La mort par happement dans les profondeurs de la mer est l’une des pires que nous puissions imaginer. Nous pourrions consacrer de très nombreuses dépêches à la strangulation lente du python, qui, soit dit en passant, ne doit pas être beaucoup plus agréable, mais c’est vers le démembrement dans les profondeurs incommensurables de l’océan que notre regard se tourne le plus volontiers.
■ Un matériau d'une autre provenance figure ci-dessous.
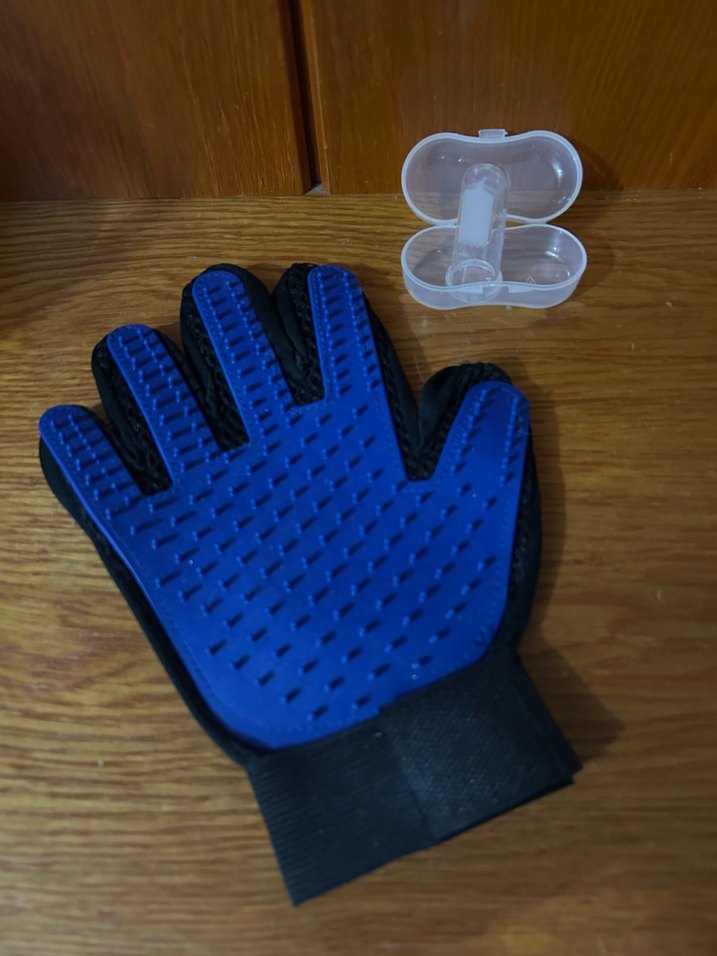 Kediler için mavi tımar eldiveni, plastikten yapılmış, cırt cırtlı bantlı, kolay tüy temizliği sağlar. Küçük şeffaf kutu diş fırçası ile birlikte.

Comment expliquer le prestige des abysses ? Nous pourrions avancer que la peur d’être happé par la mer reproduit la peur enfantine d’être happé par la mère, mais nous ne nous ne livrerons pas au ridicule de la psychanalysette, quoique Roland Jaccard prétende que la psychanalysette est justement la meilleure.

Contentons-nous de rester prudemment à la surface, et constatons que cette hantise est liée aux vacances. Un requin s’attaque au surfeur sur les lieux mêmes de son plaisir. Pour que cette attaque ait un sens véritablement épouvantable, il faut que le requin prenne le surfeur de dos, et c’est pourquoi les surfeurs restés sur la berge doivent le prévenir désespéremment. De même qu’un bon héros tragique doit être aveugle, un bon surfeur doit être sourd comme un pot. Il doit s’adonner entièrement à son insouciance, ce qui est normal, puisqu’il en est l’incarnation.

Mais avançons d’un pas vers la fatalité pour constater l’affreux malentendu qui préside au carnage. Ne dit-on pas que le requin en voulait à la planche, non au surfeur ? Voilà qui affine un peu plus la dimension tragique de la chose. Non seulement le surfeur n’était pas venu pour ça, mais le requin non plus. En somme, le requin est la représentation hallucinatoire qu’une société hédoniste se fait du destin. Il est normal que nous en ayons une peur bleue, à ceci près que, s’il s’agit d’une hantise, alors il est probable que nous ne parviendrons jamais au but que les responsables politiques se sont fixés : « une régulation durable et raisonnée des requins ».